Terminology

This page presents some important terminology to frame the rest of the documentation.

amdinfer

Depending on the context, amdinfer can be used to refer to different things. If the usage is ambiguous, it will be qualified with the appropriate word to clarify the meaning:

  • amdinfer script: refers to the Python script named amdinfer in the root of the repository that is used for building and starting containers as well as starting the server and running tests.

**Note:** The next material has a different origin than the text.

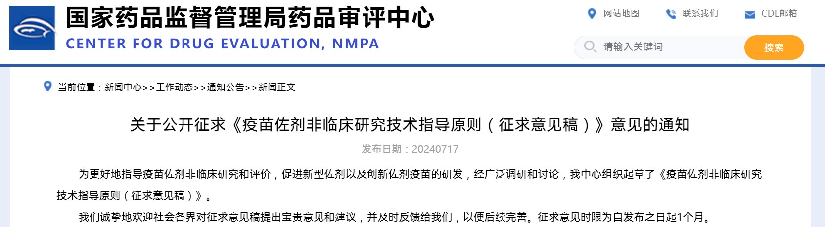 關(guān)于公開征求《疫苗佐劑非臨床研究技術(shù)指導(dǎo)原則(征求意見稿)》意見的通知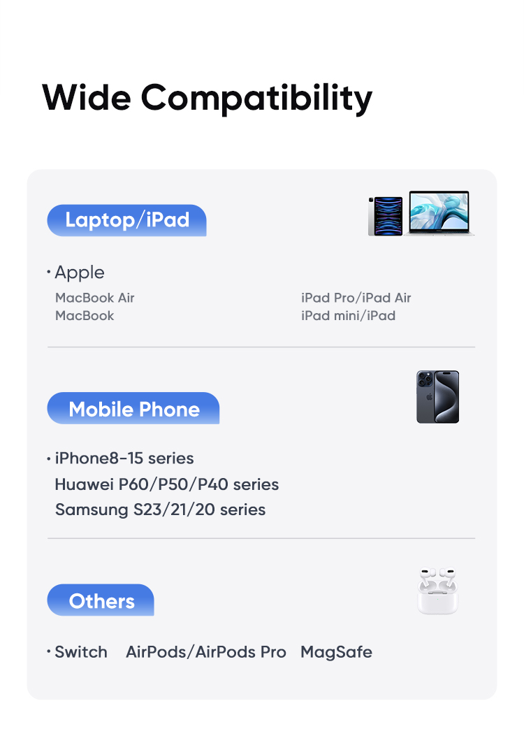 Dank Unterstützung von Schnellladeprotokollen wie PD, QC3.0/4.0, Huawei SCP/FCP sowie Samsung AFC/SFC eignet sich das Ladegerät für zahlreiche Geräte wie iPhone 8–15, Samsung S20–S23, Huawei P40–P60 sowie MacBook Air und iPads.

  • amdinfer namespace: refers to the C++ namespace used in the source code

  • amdinfer package: refers to the Python package with the Python client library for the inference server. This package is installable from pip.

Types of Docker images

There are two types of Docker images that are used in this project: development and deployment.

Development

Development images contain both the build-time and run-time dependencies of the server executable. They also contains other tools such as linting tools to help the development process. These images are used to compile and test the server executable using the tests in the repository. They are not pre-built and must be built by the user using the provided scripts. The development images do not contain any inference server source code. Instead, the standard workflow to use development images is to clone the inference server repository, build a development image and start a container using the provided script that will mount the working directory into the container. Under the standard naming convention used by the amdinfer script during the build, this image will be tagged as $(whoami)/amdinfer-dev:latest.

Deployment

Deployment images contain only the the compiled server executable and its run-time dependencies. They are optimized for size and used to deploy the server locally, on Kubernetes or on KServe. By default, as deployment images start, they start the server executable automatically with the default arguments. You can override these values by setting your own when you start a container from this image. The published images for the AMD Inference Server on Docker Hub are deployment images. Under the standard naming convention used by the amdinfer script during the build, this image will be tagged as $(whoami)/amdinfer:latest.

Types of users

Different users of the AMD Inference Server have different needs. There are three overlapping sets of users for the inference server: clients, administrators and developers. Where appropriate, the documentation will note the intended audience of the content.

Clients

Clients interact with the server using its APIs to send it inference requests. The server also provides additional methods to check its status or that of the running models that clients can use. Clients can talk to the server over any of the protocols that the server exposes for communication such as HTTP/REST or gRPC. Using the server’s C++ API, clients can write custom applications that use the server backend directly. The easiest way for clients to communicate to the server is using one of the provided client libraries but they can also use the supported protocols directly.

Administrators

Administrators deploy the server by making it available to respond to inference requests from clients. They must configure which protocols the server will use, which models are active and how they are configured, and where the server will run. The AMD Inference Server is deployed with a deployment container running on a host machine with Docker. It can also be deployed on a cluster with Kubernetes or KServe. The appropriate Docker image(s) will be provided to administrators for deployment on the target machines. Choosing the appropriate machine(s) to host the server is important because it determines which backends are supported, which in turn determines which models can be used. Backends define how to execute a model. For example, the MIGraphX backend uses the MIGraphX library to execute ONNX models on AMD GPUs and it is only usable if the host machine has compatible GPUs.

Developers

Developers tinker with the server executable itself by compiling it from source. Building the server from source requires using a development container. In the development container, developers can build the server executable and run tests using the executable directly. The AMD Inference Server uses CMake to build the executables and tests. After testing, developers build the deployment images containing the server executable, backends, and the needed run-time dependencies using the amdinfer script.